[[ SOURCE RECORDS, beginning ]]

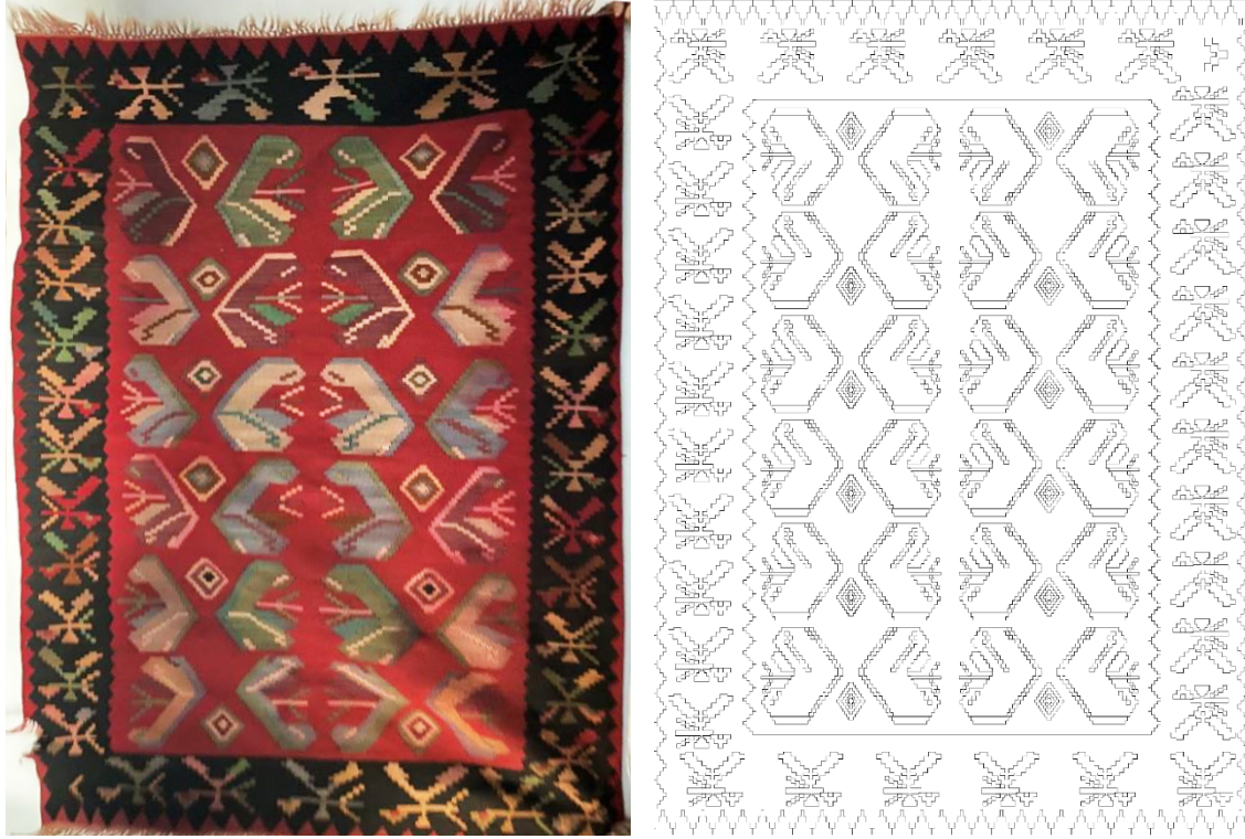
Görsel 8 - Kilim Örneđi 4 34 ve Yüzey Alan Şeması Çizimi 35
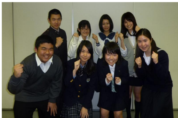
横須賀市を代表する 8 名の「熱い」高校生たち (平成 23 年度姉妹都市派遣学生)
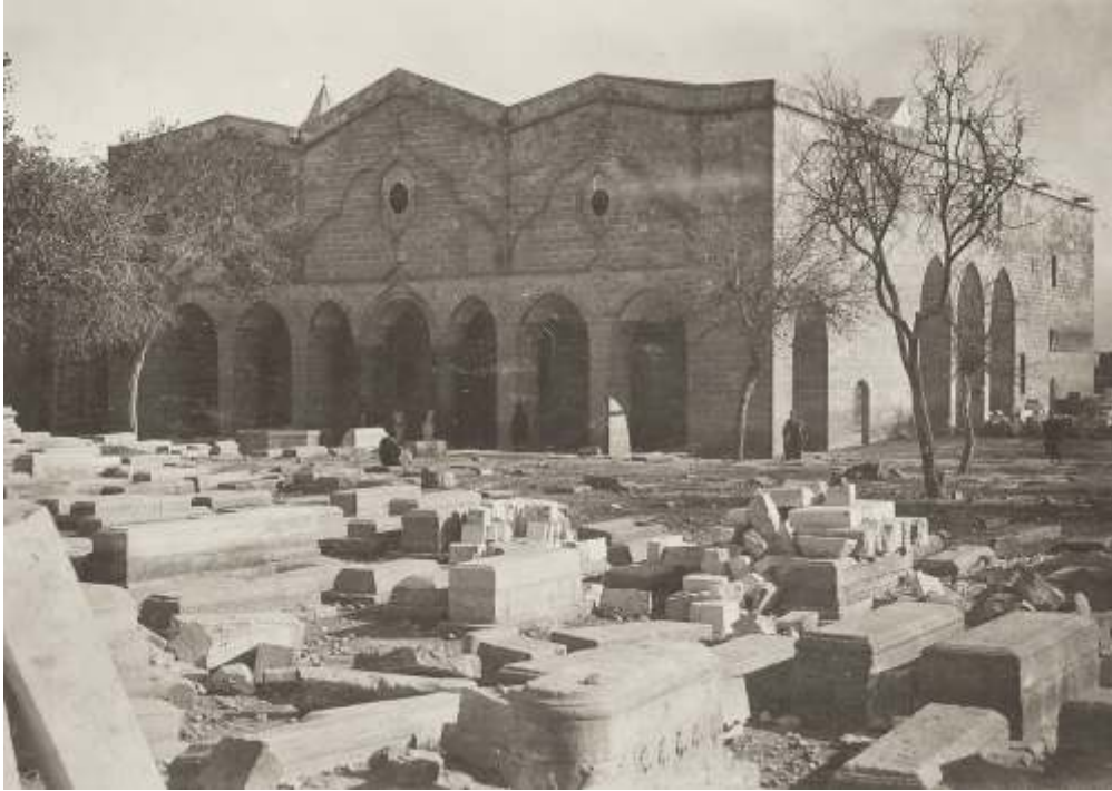
Azize Meryem Ana Kilisesi, Günümüzde Selahaddin Eyyubi Camii

eserlerin bile kopyalarının çoğaltılmasının yasaklandığı bir ülkedeki durumu şikâyet ediyorlardı.
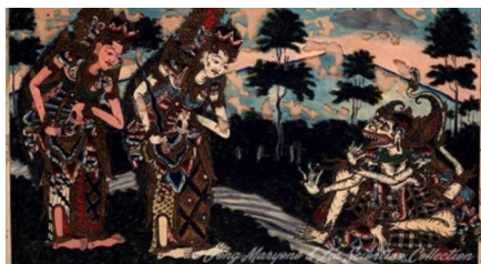
Gambar 2. Dewi Sinta, Trijata, dan Sang Hanoman membawa cincin Sang Rama, Hanoman shows Rama's ring to Shinta and Trijata, 1960. I Ketut Sekar. Cat minyak di atas kaca. 62cm x 42cm

Berdasarkan hasil yang telah dipaparkan pada tabel di atas, dipilih dua karya seni lukis kaca yang menarik untuk dibahas secara lebih lanjut. Berikut lukisan-lukisan tersebut:
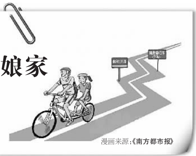
漫画来源：《南方都市报》

问题。但习惯并不等于认可，堵车和空气污染已经严重影响了中国社会的正常运行，使人们工作效率降低，生活质量下降。在国外生活过的海归自然会身体力行，用国外环保快捷的出行理念，影响到身边的每一个人。
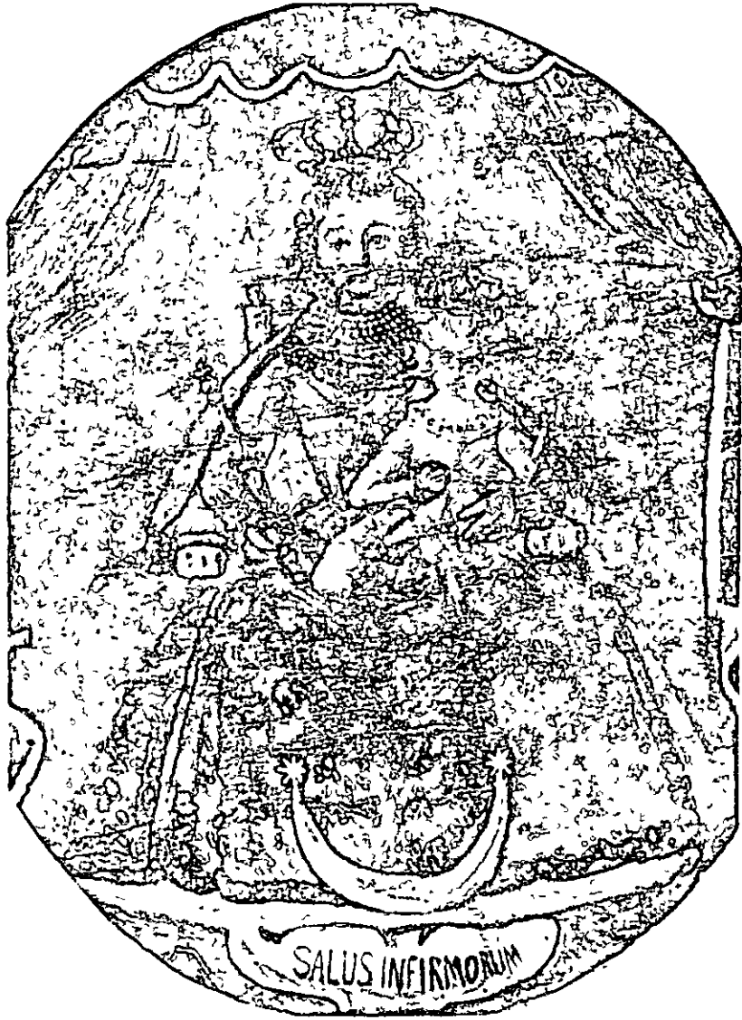
Fig. 3. Nuestra Señora de la Salud, según el medallón del antiguo estandarte. La Virgen continúa poco más o menos como en los anteriores, excepto en que cambia la valona por cariñana, pierde el ramo de la mano derecha y no porta el medallón. Las lechuguillas han sido sustituidas por un fruncido en las bocamangas.

El Niño sigue con su guardainfante y usa una especie de lechuguilla vergonzante, pues en lugar de rodear el cuello, va de hombro a hombro.
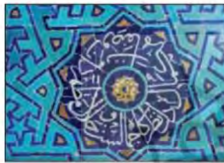
کاشی کاری مسجد جامع ارد.

آیا می‌توانید راه‌های دیگری برای کشیدن این ستاره هشت پر پیدا کنید؟
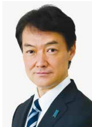
はしもとかずみ 橋本一実 議員
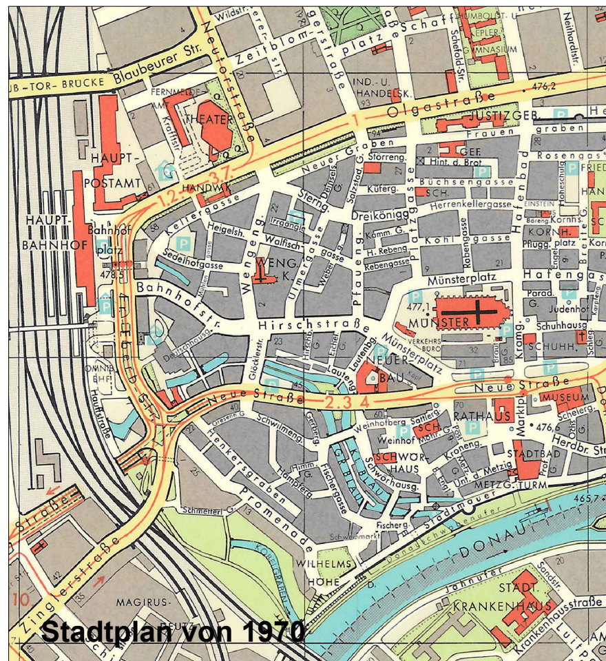
Stadtplan von 1970
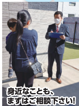
身近なことも、 まずはご相談下さい!

この自治体経営の循環をより高回転にするエンジンとなって、国分寺市政を動かします!!
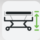
Höhe 110 – 800 mm

[[ SOURCE RECORDS, end ]]

* EXERCISE DESCRIPTION
Please find, in the entries above, every line where "atas" occurs, and copy it.

* EXPECTED OUTPUT
Gambar 2. Dewi Sinta, Trijata, dan Sang Hanoman membawa cincin Sang Rama, Hanoman shows Rama's ring to Shinta and Trijata, 1960. I Ketut Sekar. Cat minyak di atas kaca. 62cm x 42cm
Berdasarkan hasil yang telah dipaparkan pada tabel di atas, dipilih dua karya seni lukis kaca yang menarik untuk dibahas secara lebih lanjut. Berikut lukisan-lukisan tersebut:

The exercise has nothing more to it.